Copy the data that appears below exactly. Drop the pictures.

## INFORMATION SUPPLIED
-- Opening Marker --
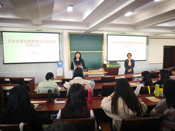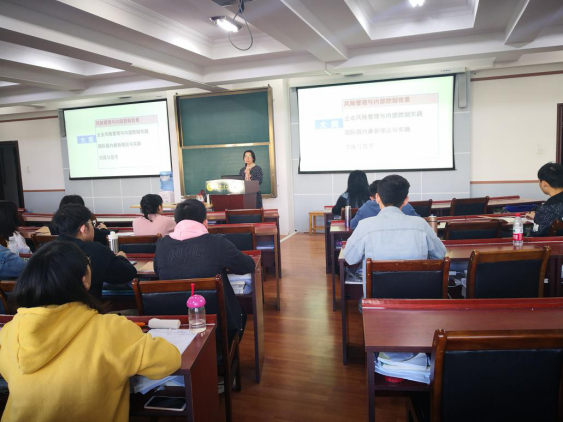 2019年10月29日上午,我校MPAcc校外实践导师李惠青高级会计师在商学院7411室为MPAcc学生举办了题为《企业全面风险管理与内部控制实践应用》的专题讲座。讲座由MPAcc中心李延莉教授主持,全体MPAcc同学参加了本次讲座。
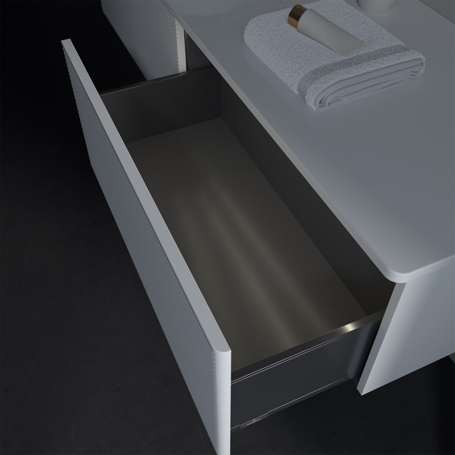 - kein Umfallen oder Verrutschen von Pflegeprodukten in den Schubladen dank rutschhemmendem Boden
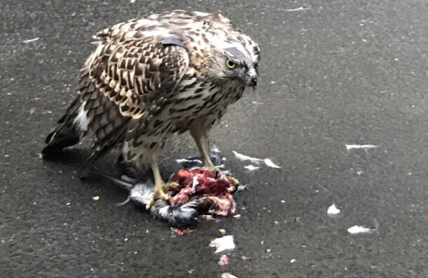 Ястреба заметили на Светлановском проспекте вечером. В одном из дворов, не обращая внимания на людей, птица клевала растерзанную тушку голубя посреди проезжей части. Автомобилисты не могли проехать из-за этого события. Ужинал ястреб у дома 60 примерно полчаса. Хищник на время улетел в кусты, лишь когда его спугнула собака. Мы будем следить за развитием событий. Некоторые очевидцы вспоминают, что ястребы садились к ним даже на балкон. Кто-то вспомнил, как ястреб прилетал во дворы на улице Черкасова в Калининском районе.
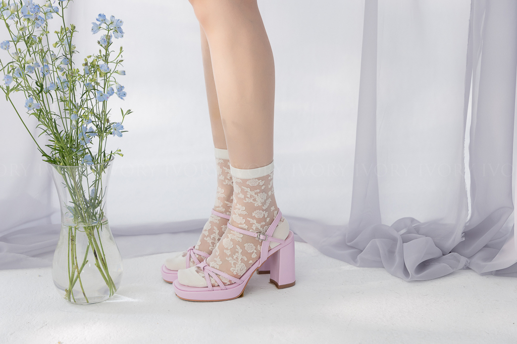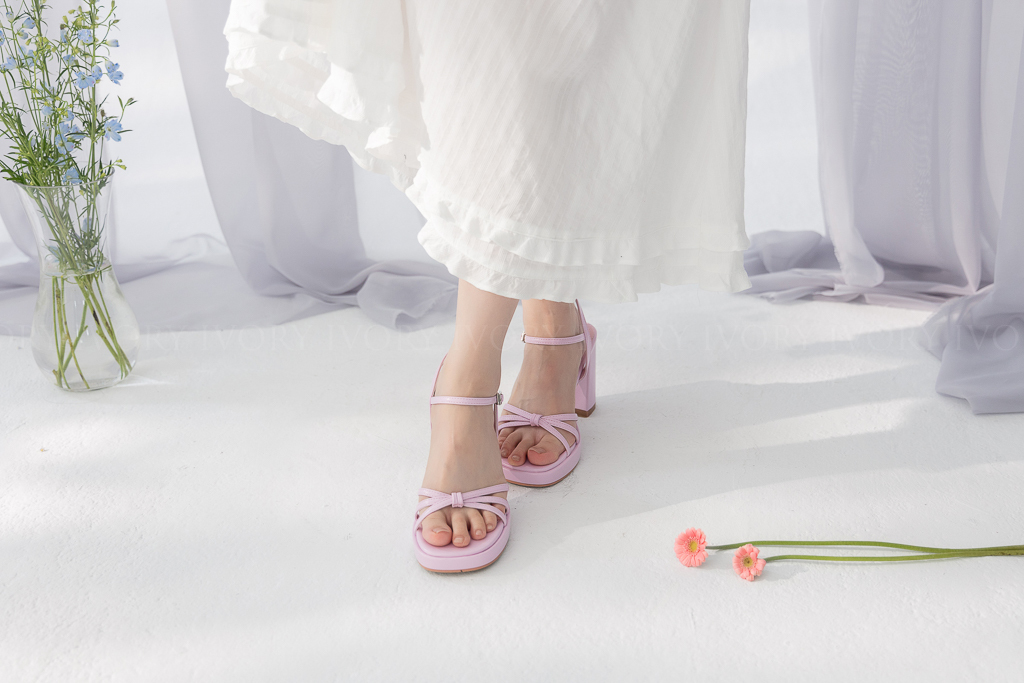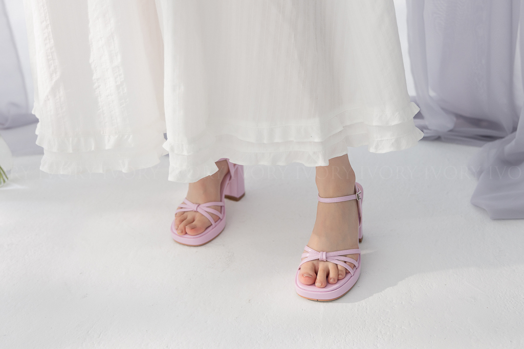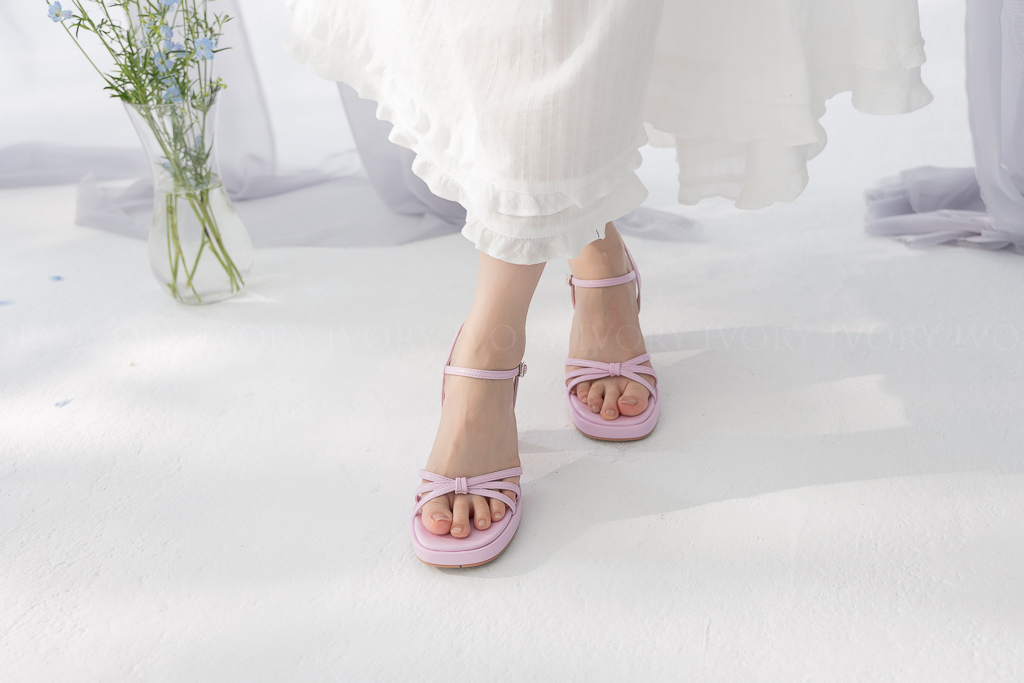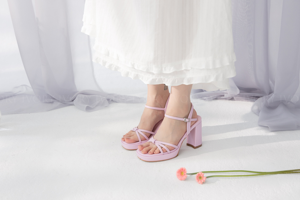 U57075超美粉色系交叉細帶粗跟涼鞋
-- Closing Marker --
## EXERCISE OUTPUT
 2019年10月29日上午,我校MPAcc校外实践导师李惠青高级会计师在商学院7411室为MPAcc学生举办了题为《企业全面风险管理与内部控制实践应用》的专题讲座。讲座由MPAcc中心李延莉教授主持,全体MPAcc同学参加了本次讲座。
 - kein Umfallen oder Verrutschen von Pflegeprodukten in den Schubladen dank rutschhemmendem Boden
 Ястреба заметили на Светлановском проспекте вечером. В одном из дворов, не обращая внимания на людей, птица клевала растерзанную тушку голубя посреди проезжей части. Автомобилисты не могли проехать из-за этого события. Ужинал ястреб у дома 60 примерно полчаса. Хищник на время улетел в кусты, лишь когда его спугнула собака. Мы будем следить за развитием событий. Некоторые очевидцы вспоминают, что ястребы садились к ним даже на балкон. Кто-то вспомнил, как ястреб прилетал во дворы на улице Черкасова в Калининском районе.
 U57075超美粉色系交叉細帶粗跟涼鞋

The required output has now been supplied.